● Your objective
Look through the entries below for the line with "Enjoy perfectly crispy, golden-brown" and the line with "Leie Name unbekannt, geb.", then give again exactly those two lines and all lines between them, minus the pictures.

● Data provided
· · · · ·

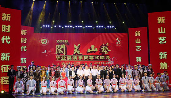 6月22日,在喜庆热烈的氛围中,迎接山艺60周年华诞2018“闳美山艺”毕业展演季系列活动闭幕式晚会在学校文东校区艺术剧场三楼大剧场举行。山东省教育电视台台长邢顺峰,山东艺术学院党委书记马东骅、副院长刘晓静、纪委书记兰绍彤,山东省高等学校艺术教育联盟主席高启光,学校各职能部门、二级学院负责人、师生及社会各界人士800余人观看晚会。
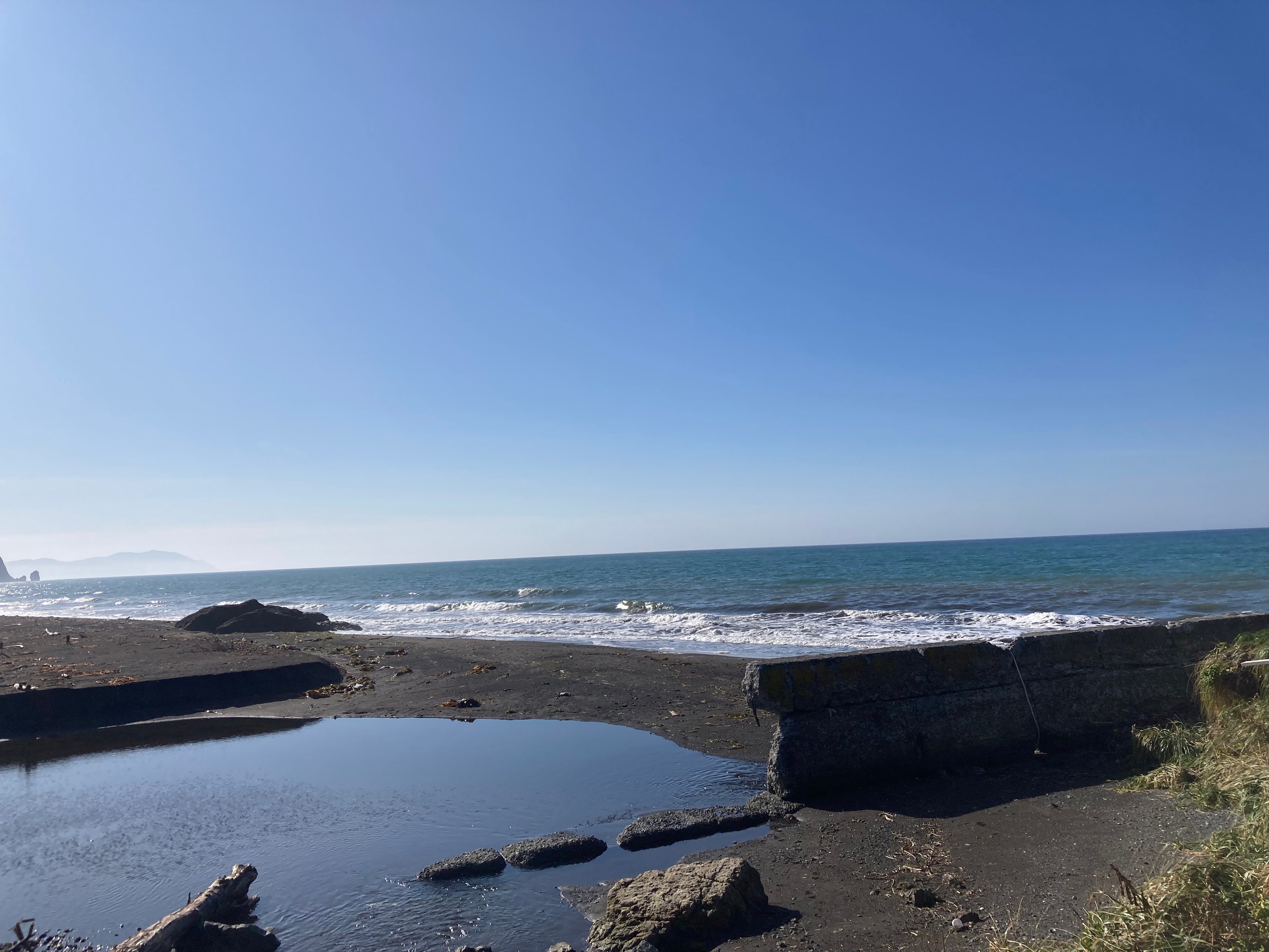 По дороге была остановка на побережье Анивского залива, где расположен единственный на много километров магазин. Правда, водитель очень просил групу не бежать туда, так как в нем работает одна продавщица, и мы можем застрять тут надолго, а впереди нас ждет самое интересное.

· · · · ·

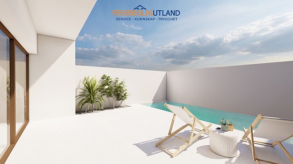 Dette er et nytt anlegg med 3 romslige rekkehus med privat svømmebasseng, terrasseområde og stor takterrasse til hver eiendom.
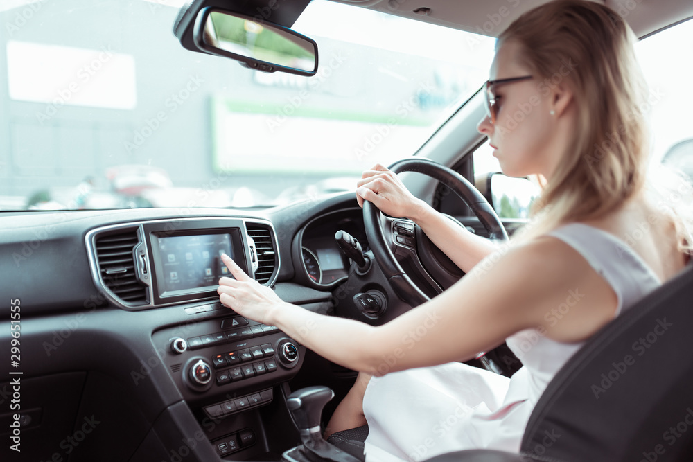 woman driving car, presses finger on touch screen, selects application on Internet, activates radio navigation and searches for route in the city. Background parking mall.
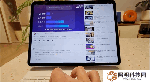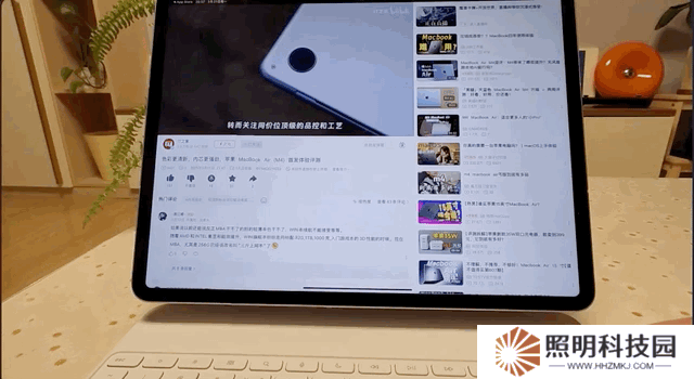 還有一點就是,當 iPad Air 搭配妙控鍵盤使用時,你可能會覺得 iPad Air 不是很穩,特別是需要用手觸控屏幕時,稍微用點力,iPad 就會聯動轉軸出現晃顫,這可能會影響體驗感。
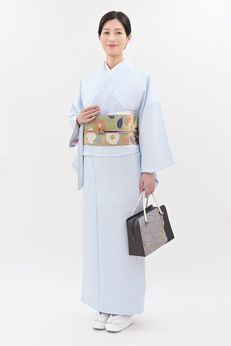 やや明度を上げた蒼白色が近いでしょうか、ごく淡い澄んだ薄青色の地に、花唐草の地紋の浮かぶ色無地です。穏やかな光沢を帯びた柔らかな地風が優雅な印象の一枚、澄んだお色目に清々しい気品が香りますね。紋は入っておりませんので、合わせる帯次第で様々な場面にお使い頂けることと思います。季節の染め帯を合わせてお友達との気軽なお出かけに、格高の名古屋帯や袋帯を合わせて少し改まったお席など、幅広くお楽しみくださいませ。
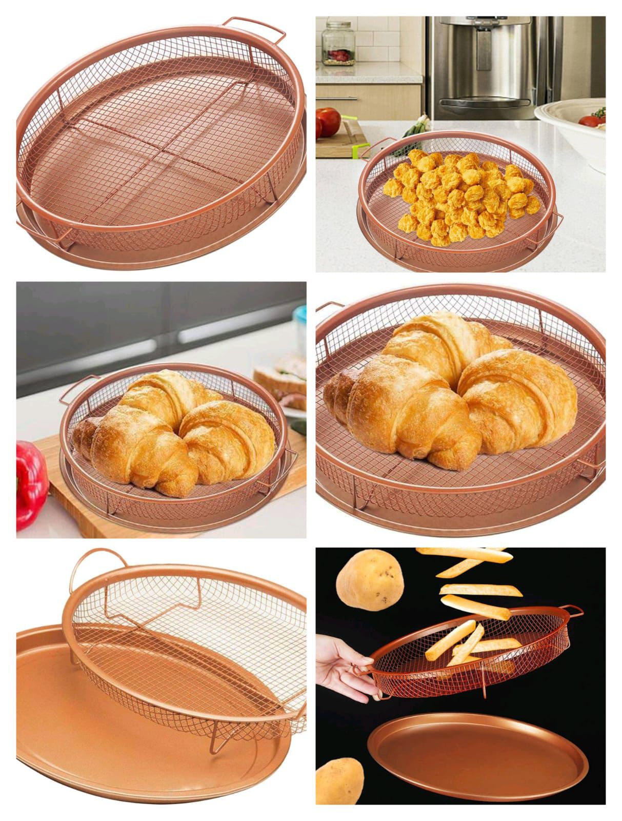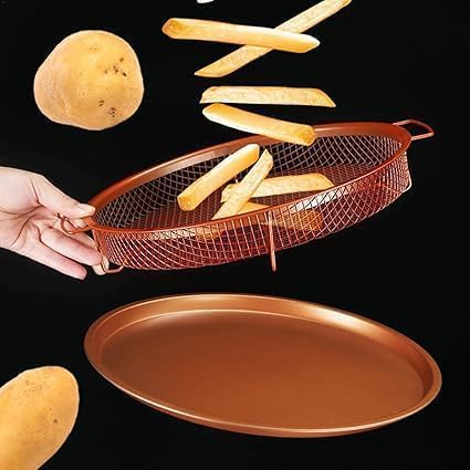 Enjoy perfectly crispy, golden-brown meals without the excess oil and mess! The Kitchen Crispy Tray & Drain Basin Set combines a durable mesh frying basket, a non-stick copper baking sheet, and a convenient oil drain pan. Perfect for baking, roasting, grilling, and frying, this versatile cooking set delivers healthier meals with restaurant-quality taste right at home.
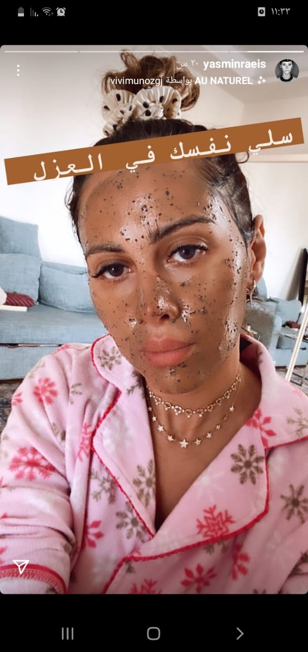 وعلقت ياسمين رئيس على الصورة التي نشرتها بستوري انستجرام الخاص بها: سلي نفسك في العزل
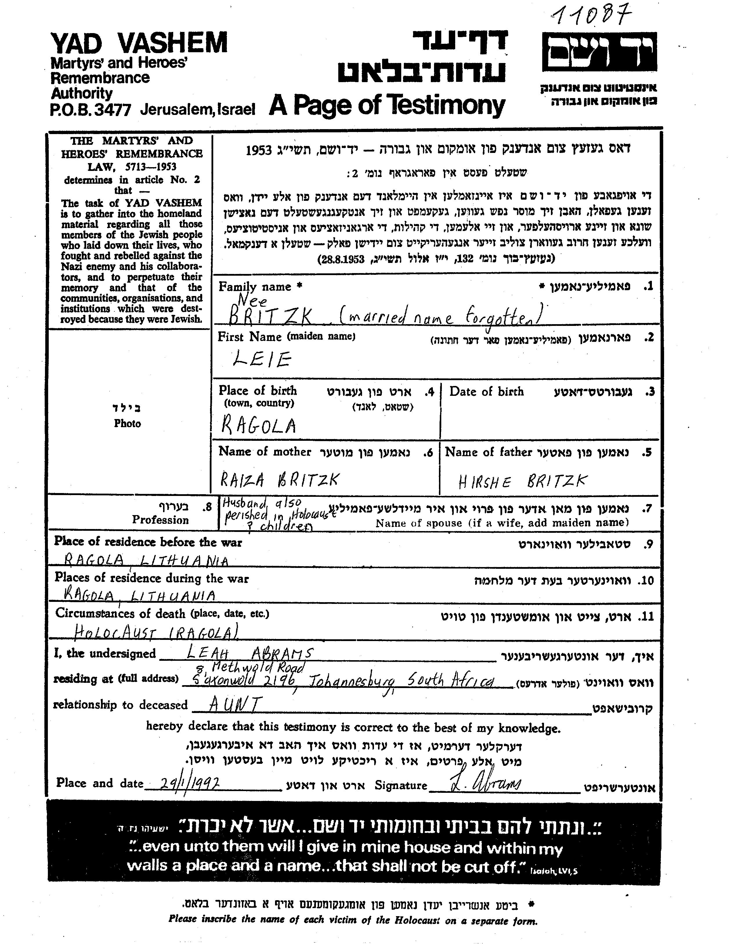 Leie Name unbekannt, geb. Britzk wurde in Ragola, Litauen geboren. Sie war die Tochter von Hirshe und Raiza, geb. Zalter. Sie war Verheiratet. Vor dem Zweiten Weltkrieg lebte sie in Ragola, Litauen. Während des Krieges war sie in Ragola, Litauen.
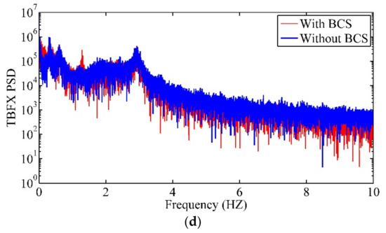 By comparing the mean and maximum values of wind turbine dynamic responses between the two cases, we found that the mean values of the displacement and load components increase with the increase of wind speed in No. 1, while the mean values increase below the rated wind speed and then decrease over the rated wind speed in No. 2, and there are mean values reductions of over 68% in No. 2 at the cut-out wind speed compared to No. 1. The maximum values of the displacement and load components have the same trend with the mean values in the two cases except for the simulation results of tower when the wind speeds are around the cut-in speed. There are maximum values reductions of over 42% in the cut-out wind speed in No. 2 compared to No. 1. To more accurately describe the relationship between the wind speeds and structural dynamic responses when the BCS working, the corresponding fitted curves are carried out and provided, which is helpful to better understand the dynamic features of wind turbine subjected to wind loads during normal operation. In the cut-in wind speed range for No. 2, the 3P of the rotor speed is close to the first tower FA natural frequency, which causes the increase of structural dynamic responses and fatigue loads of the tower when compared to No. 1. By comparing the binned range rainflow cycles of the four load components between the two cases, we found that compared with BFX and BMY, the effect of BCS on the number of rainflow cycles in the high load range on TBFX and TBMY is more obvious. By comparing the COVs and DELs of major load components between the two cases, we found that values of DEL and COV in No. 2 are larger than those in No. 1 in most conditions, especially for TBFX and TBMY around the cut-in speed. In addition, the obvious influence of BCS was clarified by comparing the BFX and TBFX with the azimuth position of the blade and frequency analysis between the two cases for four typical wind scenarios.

· · · · ·

● Reply to the exercise
 Enjoy perfectly crispy, golden-brown meals without the excess oil and mess! The Kitchen Crispy Tray & Drain Basin Set combines a durable mesh frying basket, a non-stick copper baking sheet, and a convenient oil drain pan. Perfect for baking, roasting, grilling, and frying, this versatile cooking set delivers healthier meals with restaurant-quality taste right at home.
 وعلقت ياسمين رئيس على الصورة التي نشرتها بستوري انستجرام الخاص بها: سلي نفسك في العزل
 Leie Name unbekannt, geb. Britzk wurde in Ragola, Litauen geboren. Sie war die Tochter von Hirshe und Raiza, geb. Zalter. Sie war Verheiratet. Vor dem Zweiten Weltkrieg lebte sie in Ragola, Litauen. Während des Krieges war sie in Ragola, Litauen.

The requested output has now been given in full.